Canadian policy makers are currently seized with the country’s lackluster productivity record. In an environment where economic growth, innovation, and higher business productivity are key strategic priorities, increasing costs and adding resource demands to an already safe and stable banking system is not optimal. The consultation paper quantifies benefits to various stakeholder groups but does not quantify the additional costs its proposals will impose on banks and their customers: ongoing higher premiums, as well as significant change in costs to operations, training, systems, advertising, information materials, and reporting.

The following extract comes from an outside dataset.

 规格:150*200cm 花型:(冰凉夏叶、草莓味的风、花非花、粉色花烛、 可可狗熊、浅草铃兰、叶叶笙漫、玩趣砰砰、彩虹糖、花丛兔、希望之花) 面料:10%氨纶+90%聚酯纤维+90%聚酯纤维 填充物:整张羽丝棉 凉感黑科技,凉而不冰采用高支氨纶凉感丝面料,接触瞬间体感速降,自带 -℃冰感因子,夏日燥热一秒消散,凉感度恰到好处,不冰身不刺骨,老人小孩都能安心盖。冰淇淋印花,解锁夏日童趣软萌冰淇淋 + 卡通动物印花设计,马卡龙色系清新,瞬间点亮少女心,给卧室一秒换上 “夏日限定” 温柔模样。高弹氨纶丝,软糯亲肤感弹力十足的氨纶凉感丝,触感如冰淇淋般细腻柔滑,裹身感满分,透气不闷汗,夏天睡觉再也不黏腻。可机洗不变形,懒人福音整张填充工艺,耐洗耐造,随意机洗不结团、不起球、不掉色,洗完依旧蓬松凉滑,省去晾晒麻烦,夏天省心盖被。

Furthermore, by focusing on elements of the framework that are quantitative and legible – namely the coverage limit for various categories of bank customer, the review does not adequately address less tangible contemporary developments in technology and communications that will likely have a far more significant impact on bank runs in the years and decades ahead. The most notable aspect of the 2023 run on SVB was the unprecedented speed with which it occurred, enabled by instant communications, social media, and the ability to rapidly transfer funds with a few button presses on a mobile device. Viral panic and the speed of deposit flight are arguably more immediate concerns in an age of content algorithms, ubiquitous smartphones, generative/agentic AI, open banking, online banking apps, and instantaneous bank transfers.

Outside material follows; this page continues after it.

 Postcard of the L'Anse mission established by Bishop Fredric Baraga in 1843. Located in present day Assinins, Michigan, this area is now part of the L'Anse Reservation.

The CBA believes that Finance, OSFI and CDIC should put more focus on developing tools and response plans to contain exponential spread of information or misinformation and manage rapid deposit flight. Both Finance and industry would benefit from focused consultation, scenario analysis, and creative problem‑solving on these pressing developments.
The CBA believes that Finance, OSFI and CDIC should put more focus on developing tools and response plans to contain exponential spread of information or misinformation and manage rapid deposit flight. Both Finance and industry would benefit from focused consultation, scenario analysis, and creative problem-solving on these pressing developments.
Implementation costs
Changes to the deposit insurance framework will involve significant implementation costs. At least 24 months should be allotted to implementation, depending on the extent of changes adopted. Areas affected include training and communications, forms and websites, operations, technology, data classification and governance, reporting, and consumer education.
Finance should consider a holistic cost-benefit analysis to determine the cumulative impact of the proposals before proceeding. Ideally, each proposal ought to demonstrate a significant net benefit – both to Canada’s economy, financial stability and bank customers – before it is pursued.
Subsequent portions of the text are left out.